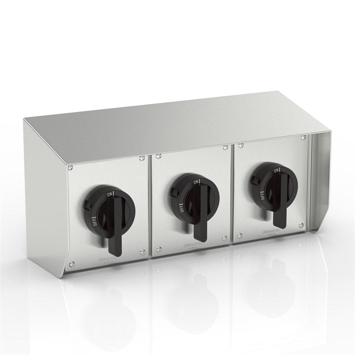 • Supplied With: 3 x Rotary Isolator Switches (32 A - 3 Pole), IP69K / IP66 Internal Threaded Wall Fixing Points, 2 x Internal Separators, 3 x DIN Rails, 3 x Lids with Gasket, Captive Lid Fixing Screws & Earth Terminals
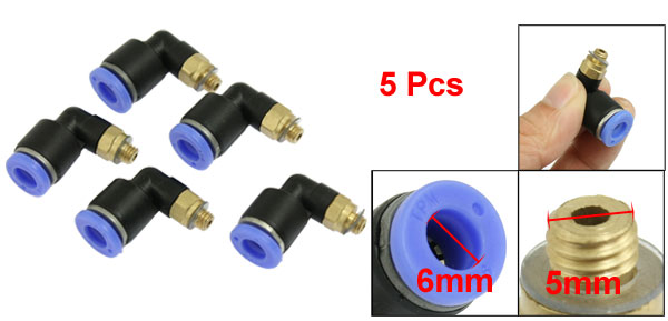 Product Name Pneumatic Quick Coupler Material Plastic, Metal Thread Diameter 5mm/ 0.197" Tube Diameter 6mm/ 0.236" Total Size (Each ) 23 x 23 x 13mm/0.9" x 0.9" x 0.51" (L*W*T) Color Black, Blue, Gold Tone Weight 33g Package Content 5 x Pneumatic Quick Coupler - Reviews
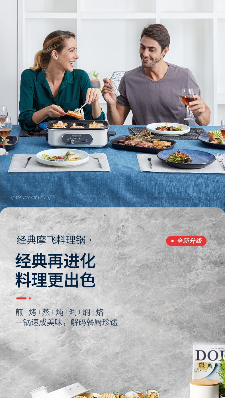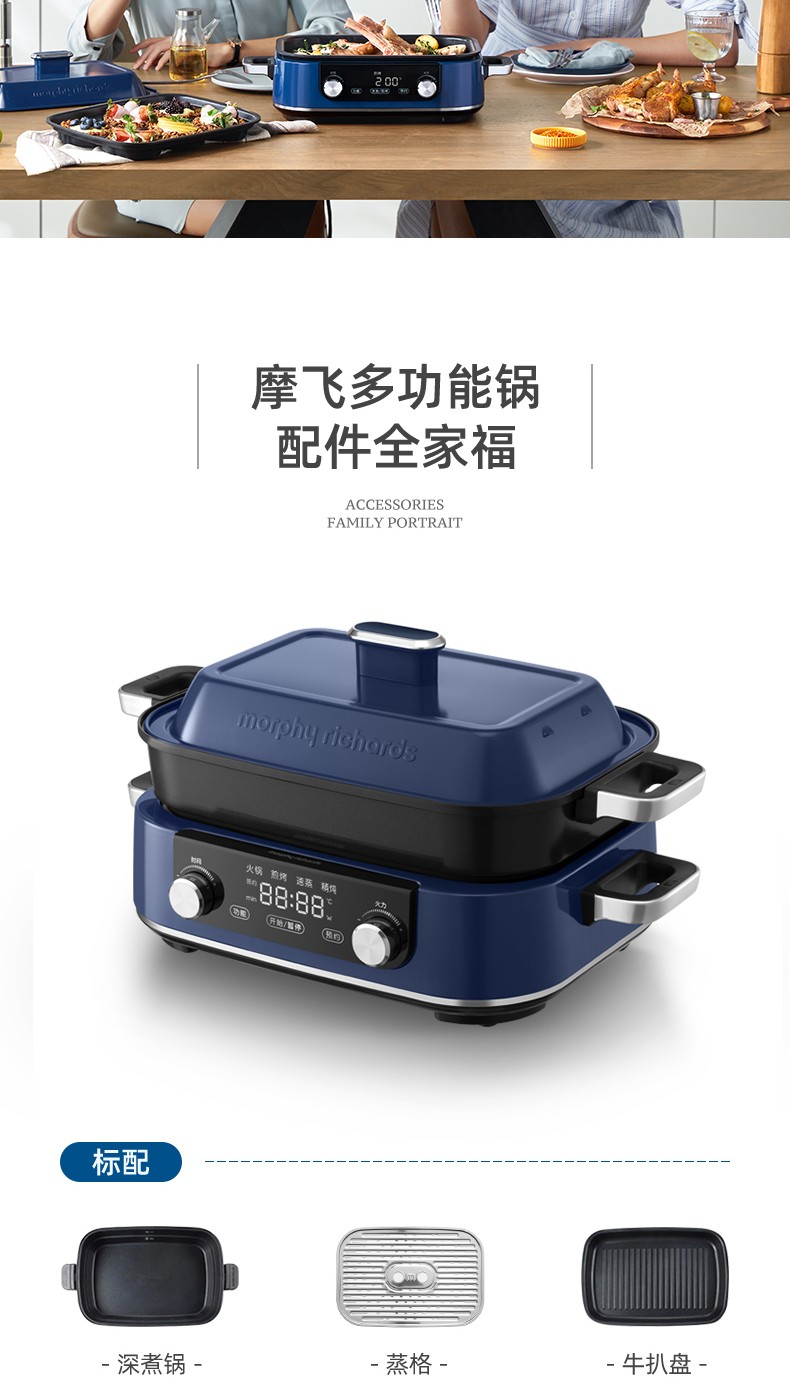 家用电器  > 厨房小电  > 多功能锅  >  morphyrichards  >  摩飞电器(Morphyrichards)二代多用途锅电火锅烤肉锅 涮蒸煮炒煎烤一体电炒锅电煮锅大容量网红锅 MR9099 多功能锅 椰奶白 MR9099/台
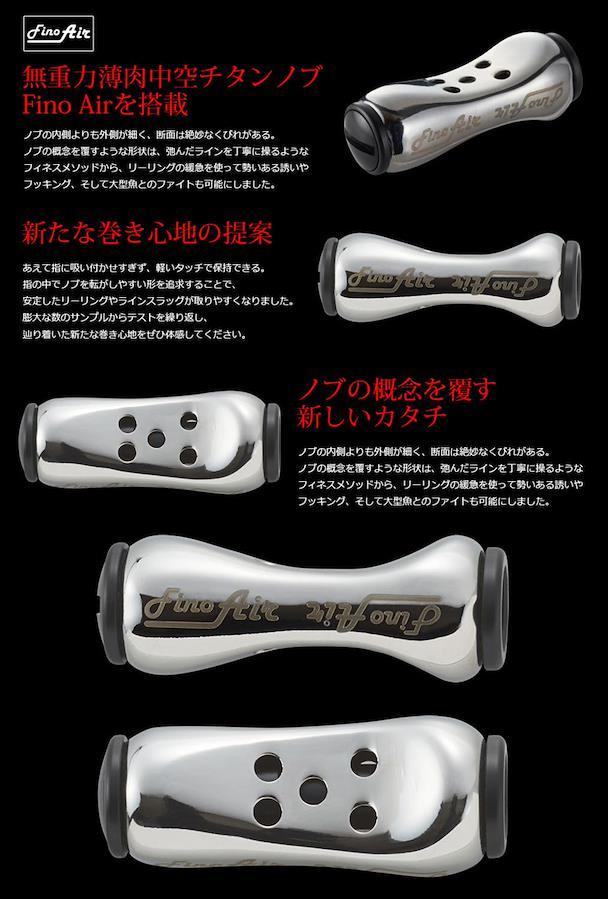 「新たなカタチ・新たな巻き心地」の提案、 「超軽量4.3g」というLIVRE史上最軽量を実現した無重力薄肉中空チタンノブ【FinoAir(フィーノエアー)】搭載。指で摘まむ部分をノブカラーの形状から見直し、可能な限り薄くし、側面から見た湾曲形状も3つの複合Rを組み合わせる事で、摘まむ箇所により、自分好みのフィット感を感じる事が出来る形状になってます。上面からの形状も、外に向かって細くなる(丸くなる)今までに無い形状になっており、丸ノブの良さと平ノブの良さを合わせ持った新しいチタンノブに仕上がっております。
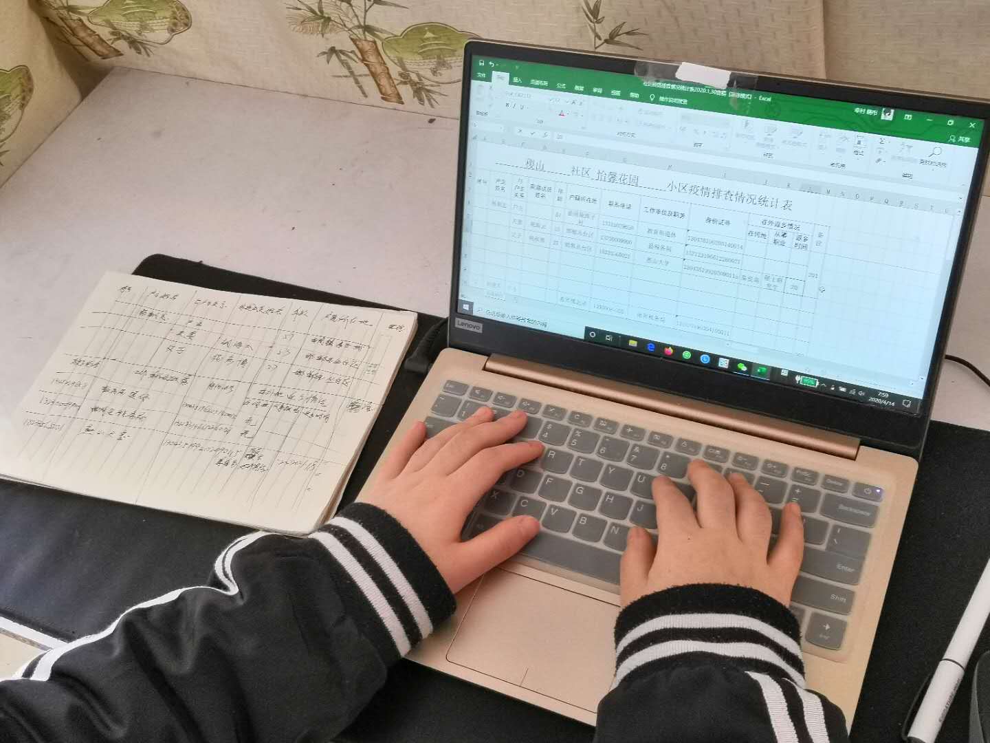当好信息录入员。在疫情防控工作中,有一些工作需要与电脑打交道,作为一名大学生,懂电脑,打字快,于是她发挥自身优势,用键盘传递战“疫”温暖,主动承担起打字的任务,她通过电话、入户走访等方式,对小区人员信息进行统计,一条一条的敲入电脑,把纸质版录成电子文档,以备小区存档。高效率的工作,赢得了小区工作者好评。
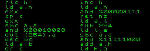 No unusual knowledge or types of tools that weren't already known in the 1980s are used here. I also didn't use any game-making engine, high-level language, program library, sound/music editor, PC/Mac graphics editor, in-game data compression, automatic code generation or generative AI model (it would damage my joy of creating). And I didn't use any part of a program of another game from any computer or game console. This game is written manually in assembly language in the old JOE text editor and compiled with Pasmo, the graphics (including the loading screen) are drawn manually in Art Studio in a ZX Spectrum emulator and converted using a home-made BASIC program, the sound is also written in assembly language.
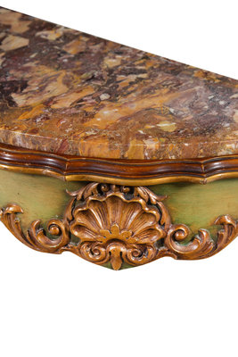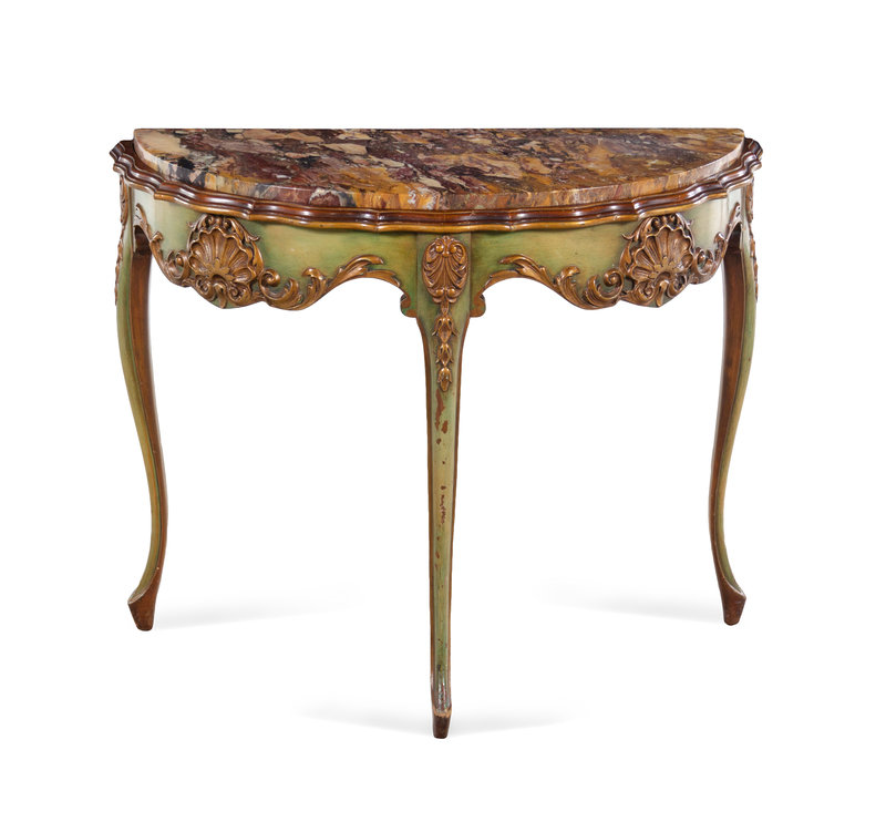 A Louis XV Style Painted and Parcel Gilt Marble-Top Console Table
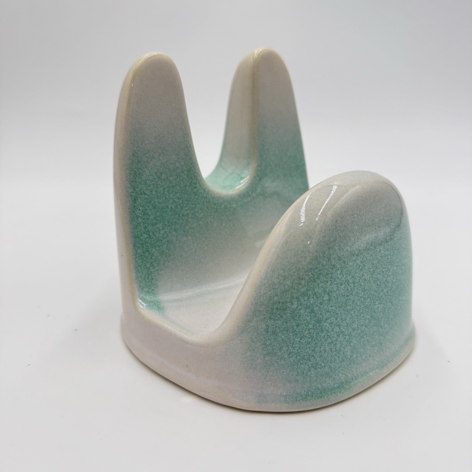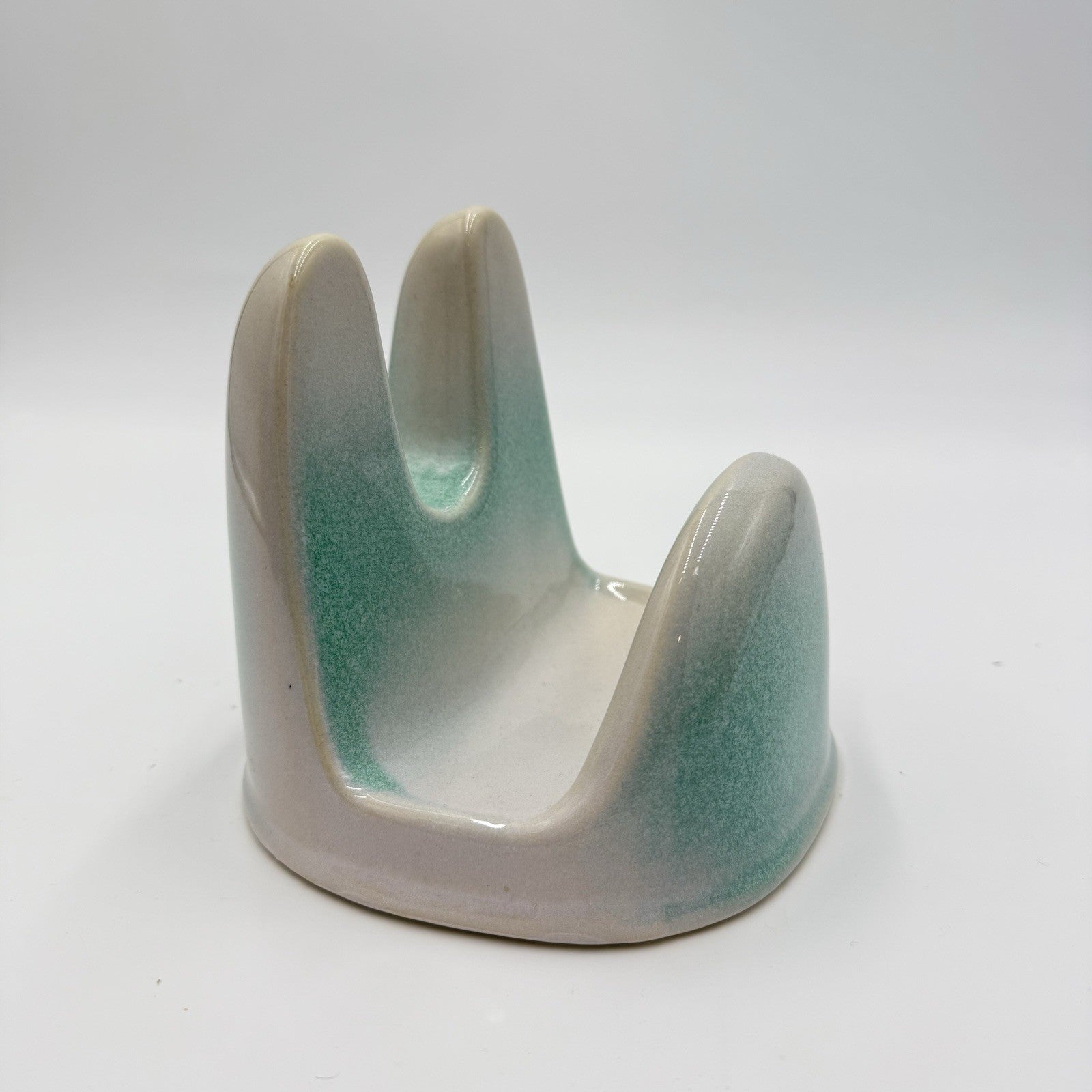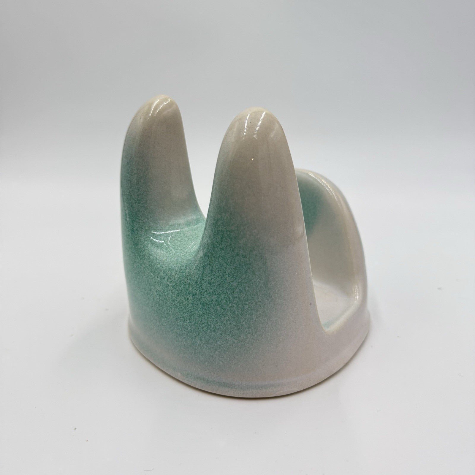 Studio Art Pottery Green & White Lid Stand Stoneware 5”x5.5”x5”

## [Your objective]
Images in the records should not be copied. Repeat all the rest exactly.

## [Solution]
 • Supplied With: 3 x Rotary Isolator Switches (32 A - 3 Pole), IP69K / IP66 Internal Threaded Wall Fixing Points, 2 x Internal Separators, 3 x DIN Rails, 3 x Lids with Gasket, Captive Lid Fixing Screws & Earth Terminals
 Product Name Pneumatic Quick Coupler Material Plastic, Metal Thread Diameter 5mm/ 0.197" Tube Diameter 6mm/ 0.236" Total Size (Each ) 23 x 23 x 13mm/0.9" x 0.9" x 0.51" (L*W*T) Color Black, Blue, Gold Tone Weight 33g Package Content 5 x Pneumatic Quick Coupler - Reviews
 家用电器  > 厨房小电  > 多功能锅  >  morphyrichards  >  摩飞电器(Morphyrichards)二代多用途锅电火锅烤肉锅 涮蒸煮炒煎烤一体电炒锅电煮锅大容量网红锅 MR9099 多功能锅 椰奶白 MR9099/台
 「新たなカタチ・新たな巻き心地」の提案、 「超軽量4.3g」というLIVRE史上最軽量を実現した無重力薄肉中空チタンノブ【FinoAir(フィーノエアー)】搭載。指で摘まむ部分をノブカラーの形状から見直し、可能な限り薄くし、側面から見た湾曲形状も3つの複合Rを組み合わせる事で、摘まむ箇所により、自分好みのフィット感を感じる事が出来る形状になってます。上面からの形状も、外に向かって細くなる(丸くなる)今までに無い形状になっており、丸ノブの良さと平ノブの良さを合わせ持った新しいチタンノブに仕上がっております。
当好信息录入员。在疫情防控工作中,有一些工作需要与电脑打交道,作为一名大学生,懂电脑,打字快,于是她发挥自身优势,用键盘传递战“疫”温暖,主动承担起打字的任务,她通过电话、入户走访等方式,对小区人员信息进行统计,一条一条的敲入电脑,把纸质版录成电子文档,以备小区存档。高效率的工作,赢得了小区工作者好评。
 No unusual knowledge or types of tools that weren't already known in the 1980s are used here. I also didn't use any game-making engine, high-level language, program library, sound/music editor, PC/Mac graphics editor, in-game data compression, automatic code generation or generative AI model (it would damage my joy of creating). And I didn't use any part of a program of another game from any computer or game console. This game is written manually in assembly language in the old JOE text editor and compiled with Pasmo, the graphics (including the loading screen) are drawn manually in Art Studio in a ZX Spectrum emulator and converted using a home-made BASIC program, the sound is also written in assembly language.
 A Louis XV Style Painted and Parcel Gilt Marble-Top Console Table
 Studio Art Pottery Green & White Lid Stand Stoneware 5”x5.5”x5”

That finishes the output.